EXERCISE DATA
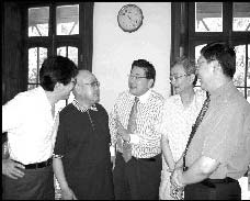 图为上戏党委书记贺寿昌与尚长荣、吴贻弓、焦晃、曹可凡等客座教授亲切交谈。
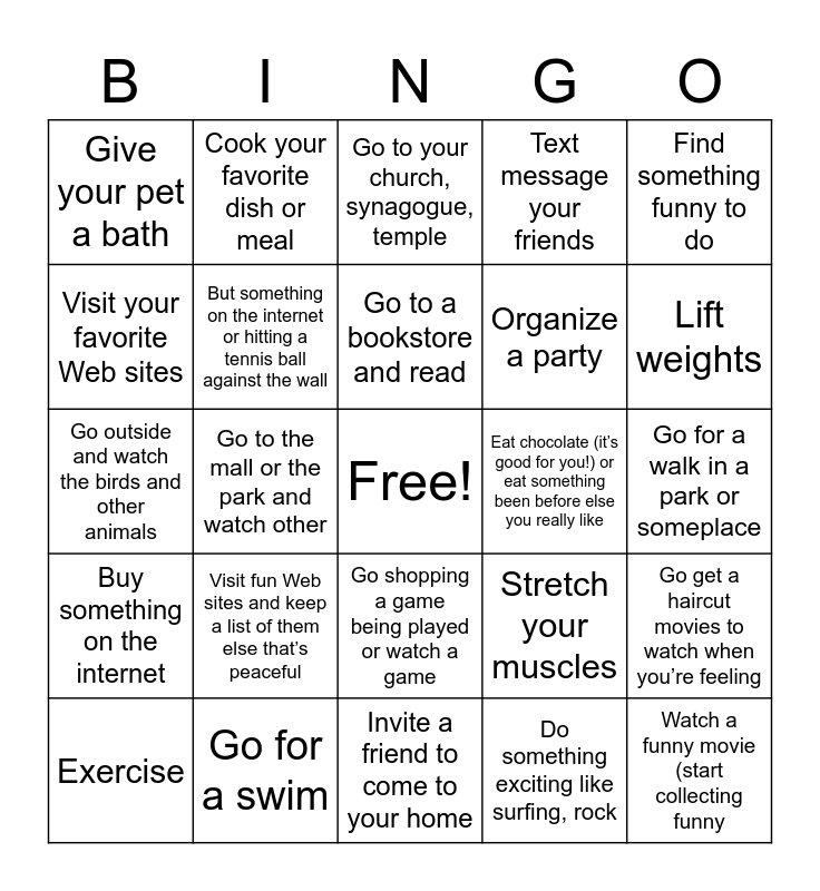 This bingo card has a free space and 71 words: Talk to a friend on the telephone, Cook your favorite dish or meal, Go out and visit a friend, Cook a recipe that you’ve never tried before, Invite a friend to come to your home, Take a cooking class, Text message your friends, Go out for something to eat, Organize a party, Go outside and play with your pet, Exercise, Go borrow a friend’s dog and take it to the park, Lift weights, Give your pet a bath, Do yoga, tai chi, or Pilates, or take classes to learn, Go outside and watch the birds and other animals, Stretch your muscles, Find something funny to do, Eat your favorite ice cream Sunday comics, Go for a walk in a park or someplace, Visit fun Web sites and keep a list of them else that’s peaceful, Watch a funny movie (start collecting funny, Go get a haircut movies to watch when you’re feeling, Sleep or take a nap overwhelmed), Go outside and watch the clouds, Go to the movies, Go jog, Watch television, Ride your bike, Listen to the radio, Go for a swim, Go to a sporting event, like a baseball game, Go hiking, Play a game with a friend, Do something exciting like surfing, rock, Play solitaire climbing, skiing, skydiving, motorcycle, Play video games riding, or kayaking, or go learn how to do, Go online to chat one of these things, Visit your favorite Web sites, Go to your local playground and join, Go shopping a game being played or watch a game, Do a puzzle with a lot of pieces, Buy something on the internet, Sell something you don’t want on the internet, Go play something you can do by yourself, Create your own Web site if no one else is around, like basketball,, Join an internet dating site bowling, handball, miniature golf, billiards,, But something on the internet or hitting a tennis ball against the wall, Get a massage, Get out of your house, even if you just, Go for a drive in your car or go for a ride on just sit outside public transportation, Plan a trip to somewhere you’ve never, Eat chocolate (it’s good for you!) or eat something been before else you really like, Go to a spa, Sign up for a class that excites you at a local, Go to a library college, adult school or online, Go to a bookstore and read, Read your favorite book, magazine or newspaper, Go to your favorite café for coffee or tea, Read a trashy celebrity magazine, Visit a museum or local art gallery, Write a letter to a friend or family member, Go to the mall or the park and watch other, Write things you like about yourself on paper people; try to imagine what they’re thinking, Pray or meditate, Write a poem, story, movie or play, Go to your church, synagogue, temple, Write in your journal or other place of worship, Write a loving letter to yourself when you’re, Join a group feeling good and keep it with you to read when and Write a letter to your higher power you’re feeling upset.
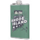 Hip flask har en retro stil pittoreska Rhode Island scen i en statlig formad silhuett.
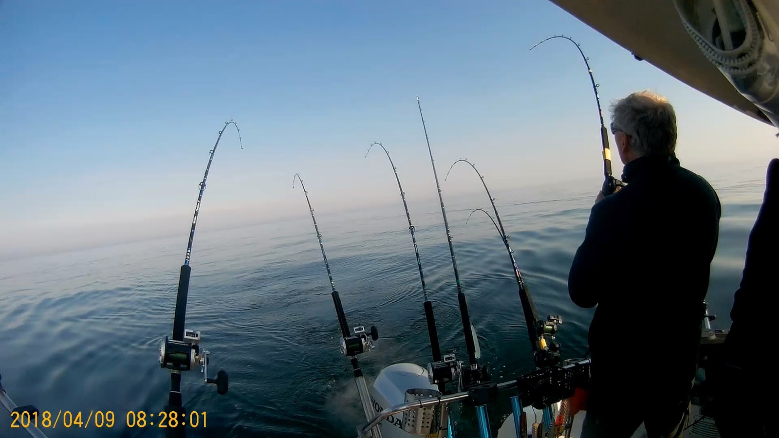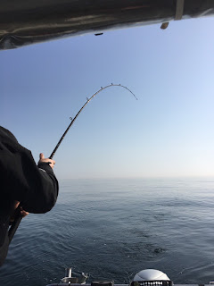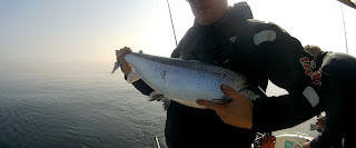 Fantastiskt fint väder, men lite trögfiskat. Tappade en lax intill båten på förmiddagen, tog sen en på 6-7kg på eftermiddagen. Testade att fiska på 36metersvatten till 44m, hittade dock inga heta ställen med betesfisk/bågar. Inga stora tempskillnader heller där vi låg, 12-16 nm sso Ystad
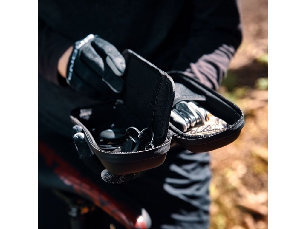 Do magnetického systému Fidlock nemusíte dávat jen bidony Fidlock, ale i tenhle parádní toolbox - brašnu na nářadí - Fidlock Twist. Pohodlně do něj dostanete náhradní duši, lepení, multiklíč, montpáky i pumpu – zkrátka všechno, co na cestách potřebujete, abyste nezůstali ve štychu.
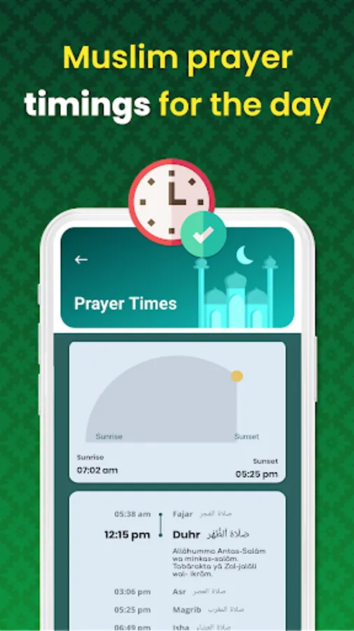 Salat, which is one of the five pillars of Islam is very important to Muslims. Muslim Hub: Quran Prayer Times respects this ritual of praying five times a day in a set form. These Muslim prayer times depend on the position of the sun from sunlight to sunset.
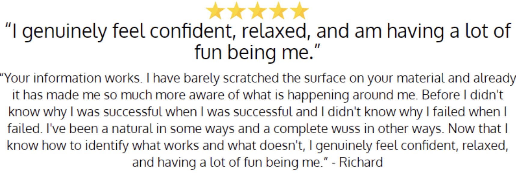"I freaking LOVE this guide. I've always been comfortable with the women around me, but I could never talk to the girls I really wanted. This guide has given me a road map that has changed my life in all directions! In the past 2 weeks, I've made more friends, been invited to partys, deepened existing relationships, and just felt so much better about myself.

TASK OBJECTIVE
Give back every line of the material above word for word, leaving out the pictures.

COMPLETED TASK
 图为上戏党委书记贺寿昌与尚长荣、吴贻弓、焦晃、曹可凡等客座教授亲切交谈。
 This bingo card has a free space and 71 words: Talk to a friend on the telephone, Cook your favorite dish or meal, Go out and visit a friend, Cook a recipe that you’ve never tried before, Invite a friend to come to your home, Take a cooking class, Text message your friends, Go out for something to eat, Organize a party, Go outside and play with your pet, Exercise, Go borrow a friend’s dog and take it to the park, Lift weights, Give your pet a bath, Do yoga, tai chi, or Pilates, or take classes to learn, Go outside and watch the birds and other animals, Stretch your muscles, Find something funny to do, Eat your favorite ice cream Sunday comics, Go for a walk in a park or someplace, Visit fun Web sites and keep a list of them else that’s peaceful, Watch a funny movie (start collecting funny, Go get a haircut movies to watch when you’re feeling, Sleep or take a nap overwhelmed), Go outside and watch the clouds, Go to the movies, Go jog, Watch television, Ride your bike, Listen to the radio, Go for a swim, Go to a sporting event, like a baseball game, Go hiking, Play a game with a friend, Do something exciting like surfing, rock, Play solitaire climbing, skiing, skydiving, motorcycle, Play video games riding, or kayaking, or go learn how to do, Go online to chat one of these things, Visit your favorite Web sites, Go to your local playground and join, Go shopping a game being played or watch a game, Do a puzzle with a lot of pieces, Buy something on the internet, Sell something you don’t want on the internet, Go play something you can do by yourself, Create your own Web site if no one else is around, like basketball,, Join an internet dating site bowling, handball, miniature golf, billiards,, But something on the internet or hitting a tennis ball against the wall, Get a massage, Get out of your house, even if you just, Go for a drive in your car or go for a ride on just sit outside public transportation, Plan a trip to somewhere you’ve never, Eat chocolate (it’s good for you!) or eat something been before else you really like, Go to a spa, Sign up for a class that excites you at a local, Go to a library college, adult school or online, Go to a bookstore and read, Read your favorite book, magazine or newspaper, Go to your favorite café for coffee or tea, Read a trashy celebrity magazine, Visit a museum or local art gallery, Write a letter to a friend or family member, Go to the mall or the park and watch other, Write things you like about yourself on paper people; try to imagine what they’re thinking, Pray or meditate, Write a poem, story, movie or play, Go to your church, synagogue, temple, Write in your journal or other place of worship, Write a loving letter to yourself when you’re, Join a group feeling good and keep it with you to read when and Write a letter to your higher power you’re feeling upset.
 Hip flask har en retro stil pittoreska Rhode Island scen i en statlig formad silhuett.
 Fantastiskt fint väder, men lite trögfiskat. Tappade en lax intill båten på förmiddagen, tog sen en på 6-7kg på eftermiddagen. Testade att fiska på 36metersvatten till 44m, hittade dock inga heta ställen med betesfisk/bågar. Inga stora tempskillnader heller där vi låg, 12-16 nm sso Ystad
 Do magnetického systému Fidlock nemusíte dávat jen bidony Fidlock, ale i tenhle parádní toolbox - brašnu na nářadí - Fidlock Twist. Pohodlně do něj dostanete náhradní duši, lepení, multiklíč, montpáky i pumpu – zkrátka všechno, co na cestách potřebujete, abyste nezůstali ve štychu.
 Salat, which is one of the five pillars of Islam is very important to Muslims. Muslim Hub: Quran Prayer Times respects this ritual of praying five times a day in a set form. These Muslim prayer times depend on the position of the sun from sunlight to sunset.
"I freaking LOVE this guide. I've always been comfortable with the women around me, but I could never talk to the girls I really wanted. This guide has given me a road map that has changed my life in all directions! In the past 2 weeks, I've made more friends, been invited to partys, deepened existing relationships, and just felt so much better about myself.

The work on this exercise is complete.